* **TASK REQUIREMENTS**: Give back each entry unchanged, minus pictures.

* **Collected data entries**:
────────────────────
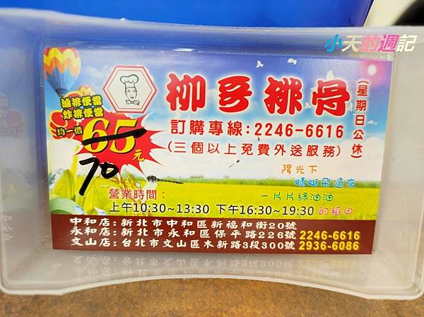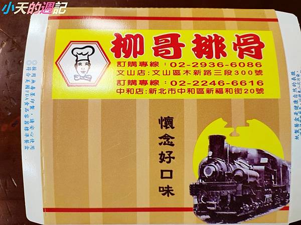 柳哥排骨目前在台北市文山區還有新北市中和區都有分店,可以參考便當封面。
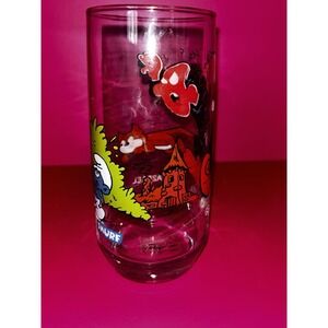 This vintage Gargamel & Azrael Smurfs glass tumbler cup is a rare collectible from 1982, featuring characters from the popular animation franchise "The Smurfs." Produced by Peyo and Wallace Berrie & Co, this multicolor glass tumbler stands at 6 inches tall and is a unique piece of animation merchandise that would appeal to fans of the series. Made in the United States, this item is a nostalgic reminder of the beloved characters from the iconic TV show.
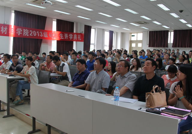 秋风送爽,金年会jinnianhuicom材料学院又迎来了一批研究生新同学。9月3日上午,材料学院2013级研究生开学典礼在研究生楼302隆重举行, 41名博士新生,108名硕士新生参加了典礼。材料学院党委书记陈鹏万,常务副院长刘颖,副院长李树奎、副院长庞思平,副院长金海波、副书记副院长张舰月,材料化学系曹茂盛教授、团委书记刘艳、团委副书记张博文等老师出席了典礼。
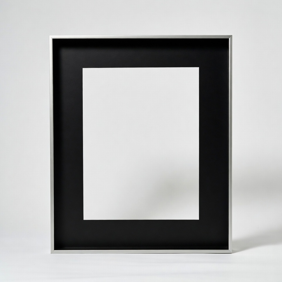 art frame, black mat, blank frame, empty frame, empty picture frame, frame, isolated, matboard, modern frame, photo frame, picture mat, poster frame, silver frame, white background, picture frame
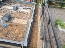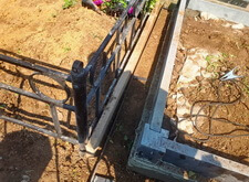 Подготавливаем территорию вокруг места захоронения к покрытию брусчаткой: ввариваем металлическую полосу и укрываем землю геотекстилем.
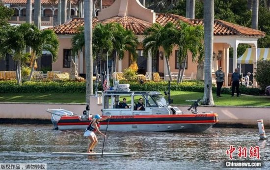当地时间2024年12月30日,美国海岸警卫队巡逻艇在海湖庄园巡逻。
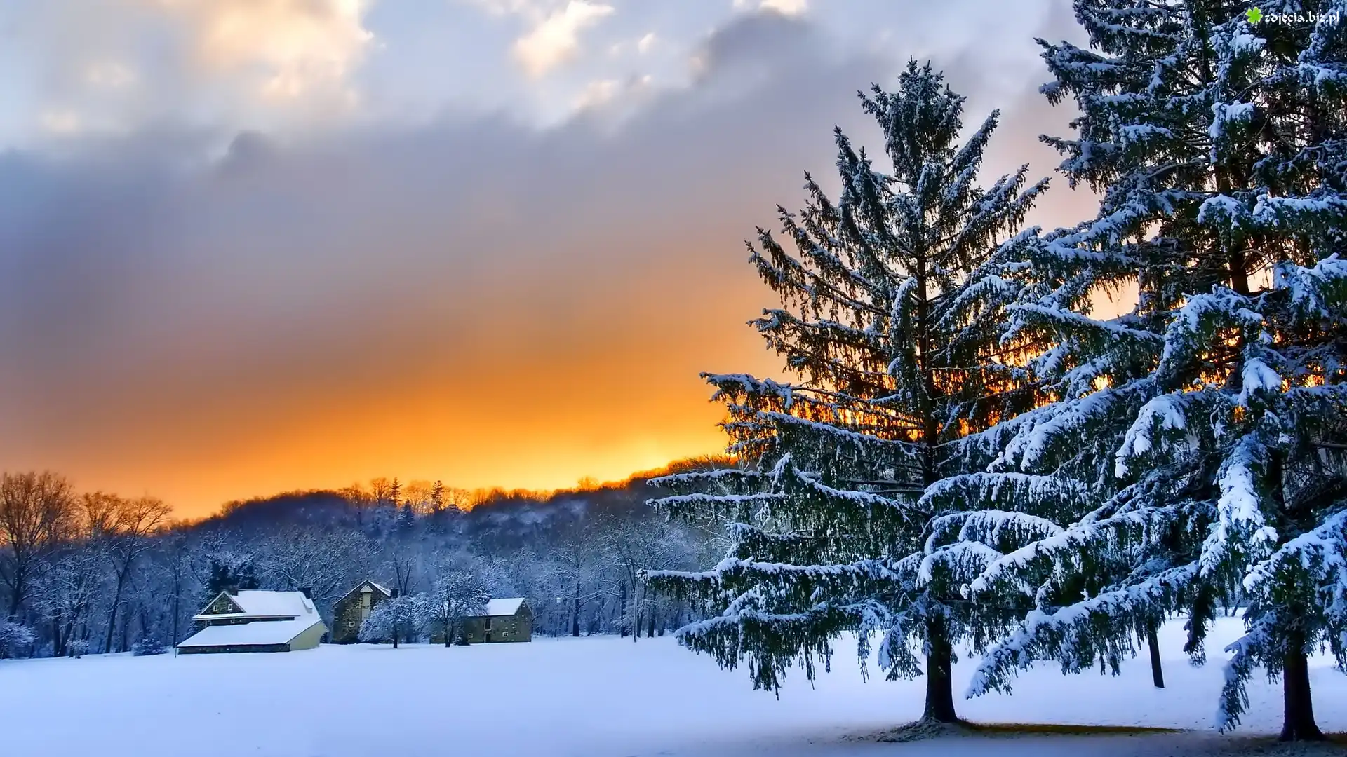 Zdjęcie, Góry, Lasy, Zabudowania, Zachód, Słońca, Zima
────────────────────
* **EXERCISE ANSWER**:
 柳哥排骨目前在台北市文山區還有新北市中和區都有分店,可以參考便當封面。
 This vintage Gargamel & Azrael Smurfs glass tumbler cup is a rare collectible from 1982, featuring characters from the popular animation franchise "The Smurfs." Produced by Peyo and Wallace Berrie & Co, this multicolor glass tumbler stands at 6 inches tall and is a unique piece of animation merchandise that would appeal to fans of the series. Made in the United States, this item is a nostalgic reminder of the beloved characters from the iconic TV show.
 秋风送爽,金年会jinnianhuicom材料学院又迎来了一批研究生新同学。9月3日上午,材料学院2013级研究生开学典礼在研究生楼302隆重举行, 41名博士新生,108名硕士新生参加了典礼。材料学院党委书记陈鹏万,常务副院长刘颖,副院长李树奎、副院长庞思平,副院长金海波、副书记副院长张舰月,材料化学系曹茂盛教授、团委书记刘艳、团委副书记张博文等老师出席了典礼。
 art frame, black mat, blank frame, empty frame, empty picture frame, frame, isolated, matboard, modern frame, photo frame, picture mat, poster frame, silver frame, white background, picture frame
 Подготавливаем территорию вокруг места захоронения к покрытию брусчаткой: ввариваем металлическую полосу и укрываем землю геотекстилем.
当地时间2024年12月30日,美国海岸警卫队巡逻艇在海湖庄园巡逻。
 Zdjęcie, Góry, Lasy, Zabudowania, Zachód, Słońca, Zima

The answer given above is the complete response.